Explicit kinetic heterogeneity: mechanistic models for interpretation of labeling data of heterogeneous cell populations
Vitaly V. Ganusov, Jose Borghans, Rob De Boer

TL;DR
This paper introduces a mechanistic model accounting for heterogeneity in cell turnover rates, improving interpretation of deuterium labeling data in lymphocyte proliferation studies.
Contribution
It extends existing models by explicitly incorporating kinetic heterogeneity, enabling more accurate analysis of cell population dynamics from labeling experiments.
Findings
The model reproduces known experimental observations.
It allows for non-exponential loss of labeled cells.

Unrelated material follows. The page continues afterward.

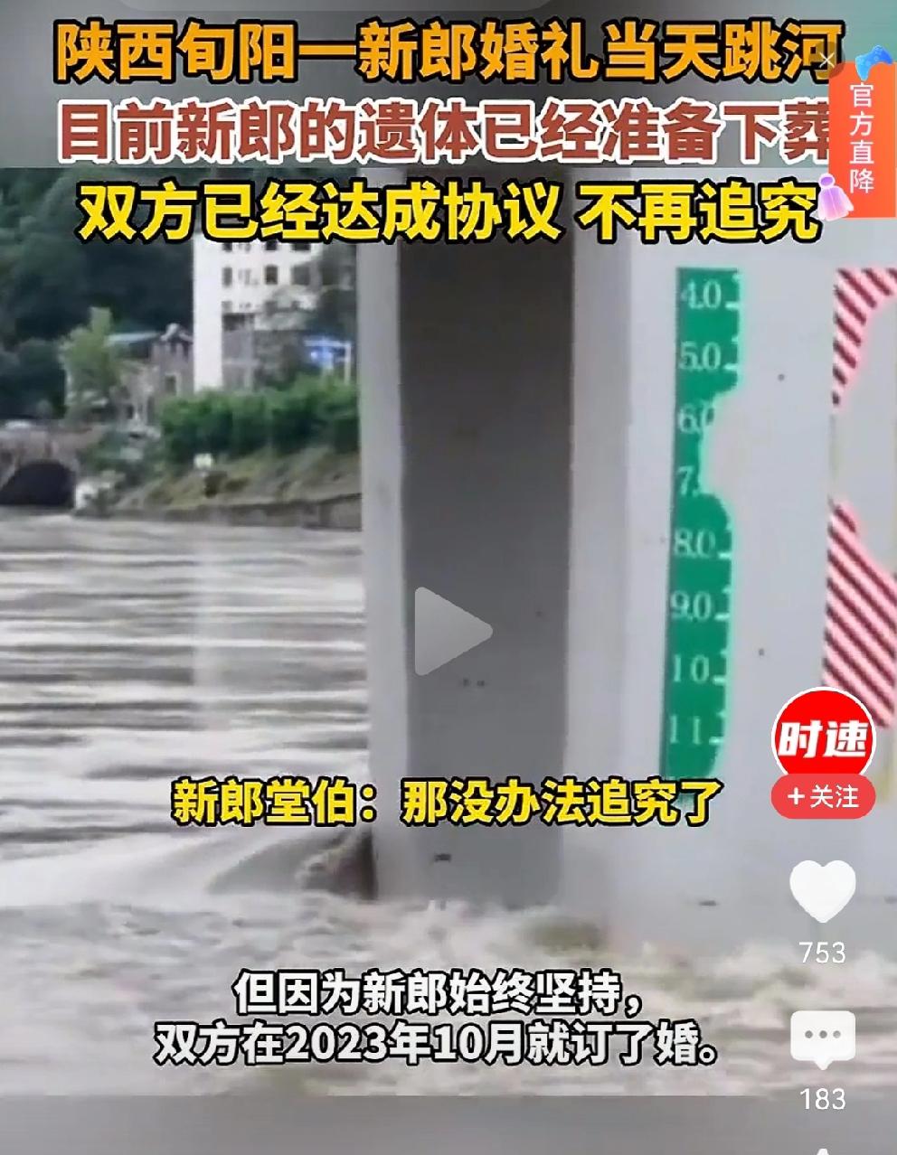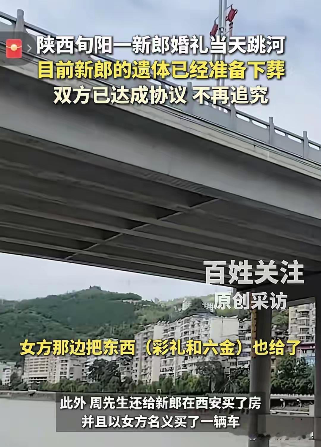新郎跳河最新进展: 新郎家放弃追究新娘方责任,新娘退还彩礼 新郎堂伯周先生告诉记者: 双方商定已经达成协议; 女方退回彩礼及六金,合计18.8万元; 新郎父亲放弃追究新娘的责任; 遗体拉回来,放在坡上准备下葬; 新郎一家子很老实很善良啊! 新郎离世半月有余,按照我们陕南的习俗,必须下葬,让逝者入土为安。 这可能也是新郎父亲放弃追究女方责任的原因。 新娘及家人,应该从此事中吸取教训。婚姻,不是买卖! 做人做事,还是善良点! 希望,新娘能够遇到良人 新郎父母节哀顺变[祈祷][祈祷][祈祷] 新郎跳河 陕西婚礼跳河 婚礼小伙跳河 视频转图文大赛

It can analyze data with variable labeling durations.
Abstract
Estimation of division and death rates of lymphocytes in different conditions is vital for quantitative understanding of the immune system. Deuterium, in the form of deuterated glucose or heavy water, can be used to measure rates of proliferation and death of lymphocytes in vivo. Inferring these rates from labeling and delabeling curves has been subject to considerable debate with different groups suggesting different mathematical models for that purpose. We show that the three models that are most commonly used are in fact mathematically identical and differ only in their interpretation of the estimated parameters. By extending these previous models, we here propose a more mechanistic approach for the analysis of data from deuterium labeling experiments. We construct a model of "kinetic heterogeneity" in which the total cell population consists of many sub-populations with different…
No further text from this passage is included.